まだ未成年で酒臭いニオイはどちらかというと苦手だが、大人になったらいつかは酒を飲まなければならないときが来る。一度行ってみた方がいいのかもしれない。
だが、本当に行ってしまってもいいのかどうかが心配だ。一応考えたり相談したりしてみた方がよさそうである。
「えっと、必ず参加しなきゃダメなんでしょうかね?」
「嫌になったら一言いってから帰ってくれてもいいよー」
「それに強制じゃないですよ。参加するかどうかはその人の自由です」
「もしなにか予定とかありましたら、そっちを優先してくださってもかまいませんよ~」
この短時間で悩みに悩んだが、ジェシーのその言葉がきっかけでようやく決心がついた。まず一晩寝て考えて、それからアルヴィーに相談する。
予定に関してはとくになかったはずだが、また確認する。これでよし――と、健はそう判断を下した。
「分かりました~。また考えておきます~」
◆◆◆◆◆
その帰りのことである。駅前の階段を下った辺りで一人の男が座りながらギターを弾いて何やら歌っていた。
低音でキレのある声を出している彼はどうやらストリートミュージシャンのようで、彼の歌の歌詞にはある種独特のセンスを感じられた。確かテレビか何かで彼を見たことがあるような――? 少し興味が沸いた健は、そのどこかで見た覚えのあるミュージシャンに近付いてみる。別にファンだったから声をかけたとかではなく、ただ単に気になっただけのことである。それに彼の茶髪の逆立った派手な髪型は嫌でも目を引き印象に残る。
「あ、あの~……」
「ん、お代ならそこの募金箱に……」
そう健が問いかけたところ、ギターを弾いていた男性の手がピタリと止まった。そして瞬きしながら健を見上げる。
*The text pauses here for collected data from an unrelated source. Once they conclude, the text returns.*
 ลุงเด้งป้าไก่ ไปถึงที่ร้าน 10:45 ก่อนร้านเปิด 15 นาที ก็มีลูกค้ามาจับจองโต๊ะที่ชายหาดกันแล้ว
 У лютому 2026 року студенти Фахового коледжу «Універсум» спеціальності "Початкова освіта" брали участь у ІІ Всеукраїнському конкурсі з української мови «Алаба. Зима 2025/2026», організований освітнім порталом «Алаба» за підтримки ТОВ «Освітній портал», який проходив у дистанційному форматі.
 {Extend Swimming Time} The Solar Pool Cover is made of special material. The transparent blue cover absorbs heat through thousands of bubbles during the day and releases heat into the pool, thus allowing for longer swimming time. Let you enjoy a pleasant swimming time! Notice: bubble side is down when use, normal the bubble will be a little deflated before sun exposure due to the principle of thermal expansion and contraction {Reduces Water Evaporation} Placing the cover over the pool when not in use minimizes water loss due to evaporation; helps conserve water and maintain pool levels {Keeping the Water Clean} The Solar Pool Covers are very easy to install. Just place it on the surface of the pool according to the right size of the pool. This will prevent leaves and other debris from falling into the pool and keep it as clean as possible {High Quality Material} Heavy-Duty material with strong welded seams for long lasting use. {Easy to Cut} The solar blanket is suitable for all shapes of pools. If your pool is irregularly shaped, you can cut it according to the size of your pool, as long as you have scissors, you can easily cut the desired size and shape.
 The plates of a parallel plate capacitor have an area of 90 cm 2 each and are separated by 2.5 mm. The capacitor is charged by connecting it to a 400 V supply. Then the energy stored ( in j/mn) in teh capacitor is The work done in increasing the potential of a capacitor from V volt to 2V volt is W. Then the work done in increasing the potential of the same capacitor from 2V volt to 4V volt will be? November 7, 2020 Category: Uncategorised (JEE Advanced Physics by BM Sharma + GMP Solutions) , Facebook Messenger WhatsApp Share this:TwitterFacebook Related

このミュージシャン、人相は悪いものの目は澄んでいた。音楽に懸ける情熱やひた向きな姿勢がひしひしと健にも伝わっていく。
「歌お上手ですね」
「おいおい照れるな~。あんた、もしかして俺のファン?」
「いや、そういうわけではないですけど……」
「ハハッ! なんだよそれ」
男が少し苦味を含めた笑いを飛ばした。
「そうだ、お代。別に払ってくれなくてもいいけどさ」
要するに払うも払わないも自由。しかしこの男、金に困っているようにも見える。
とりあえず健は、いい歌を聴けた礼として200円ほど募金箱に突っ込んだ。
ミュージシャンからすれば願ってもいなかったことなのか、少し驚くような感じの笑顔を浮かべて喜んでいた。
「あれ、そう言えばどこかで見たような……」
「俺のこと?」
「はい。えーっと確か……あっ! 思い出した!」
うろ覚えなりの推測が確信へと変わった。左の手のひらで右手の拳を叩くと、確信を得た人物の名を口にしようとする。
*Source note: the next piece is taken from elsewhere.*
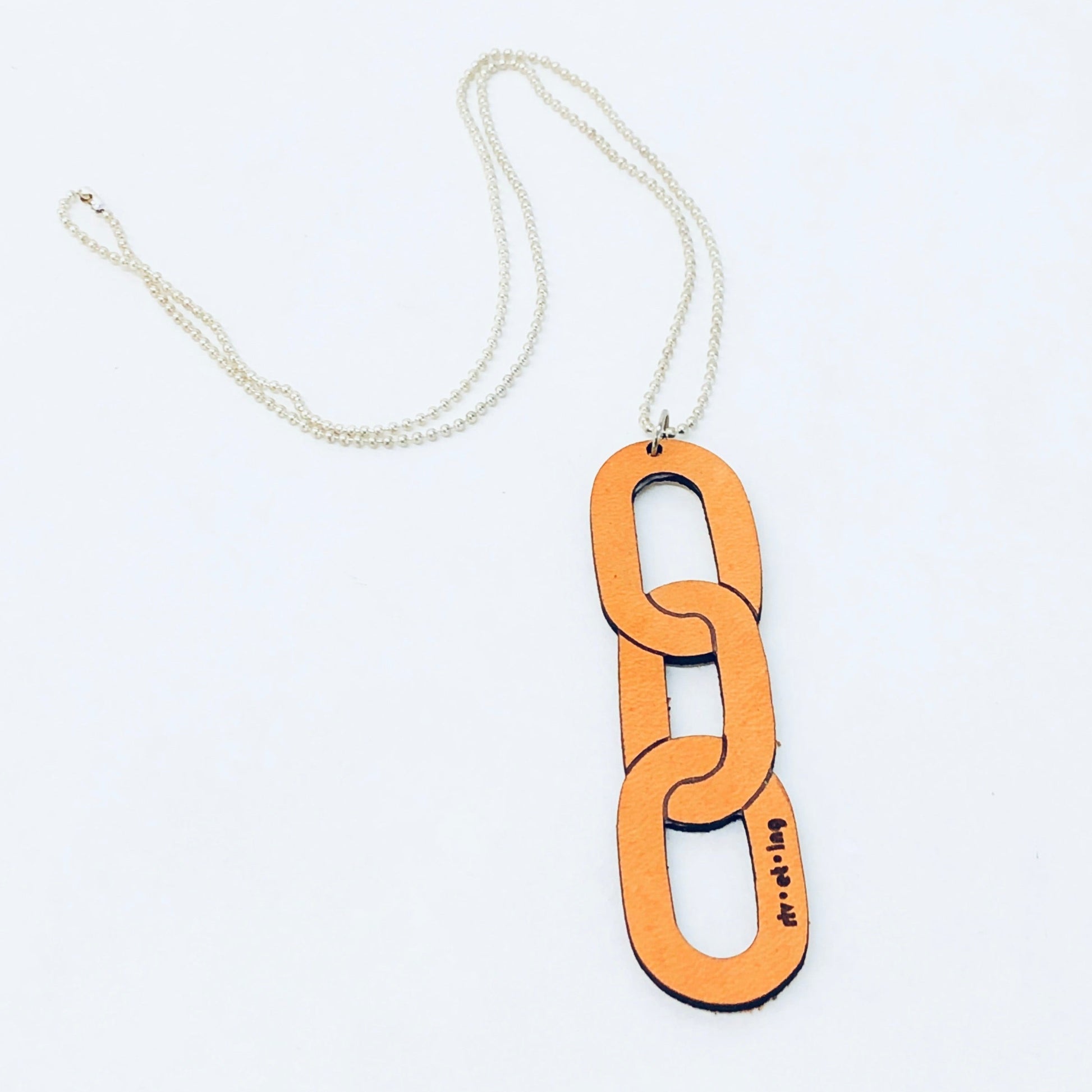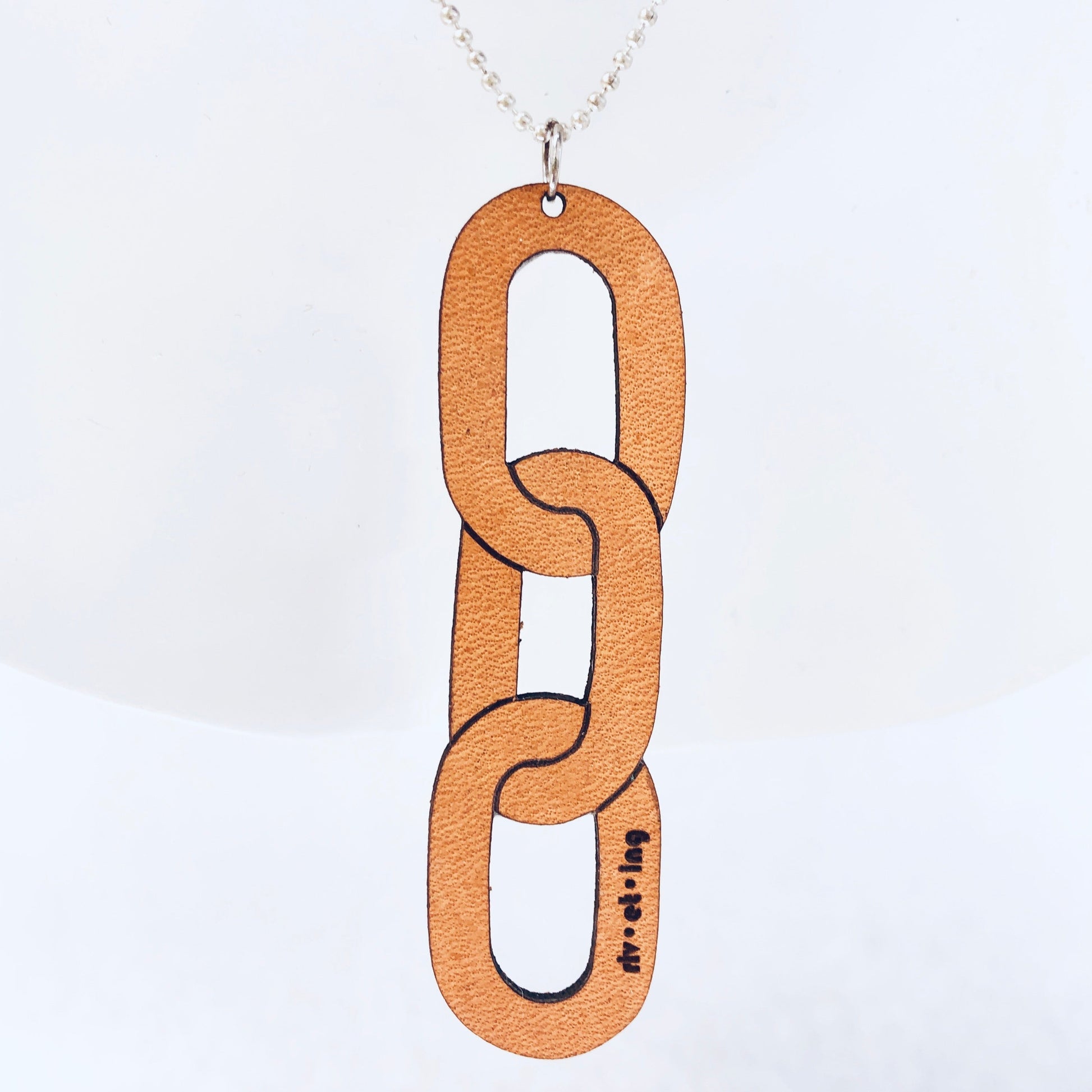 Made from ethically and sustainably sourced VegTan* leather that has been laser engraved. The pendant is 3" long and is on 1.5mm (1/16") 100% recyclable stainless steel ball chain which has a 12" drop.

「『アルペジオ』の狩谷シンジだ! この前でテレビで見ましたよっ」
嬉しそうに大声を上げてその名を言った。一瞬シンジ――と思しきミュージシャンの肩に悪寒が走り、ピクピクと震えた。彼のみならず突然相手に大声を出されたら誰でも驚くというものだ。
「あっ、えと……すみません」
「い、いや大丈夫だ。だけど、あまりアルペジオの名前は出さないでもらえるかな」
「……どうしてですか?」
「そんなの知ってどうするんだよ。このままじゃ遅くなっちまうぜ、早く帰んな!」
深追いをするなということだろうか? 所属しているバンドの名を出してほしくない理由を聞こうとしたところ、狩谷は急に血相を変えて健を突き放した。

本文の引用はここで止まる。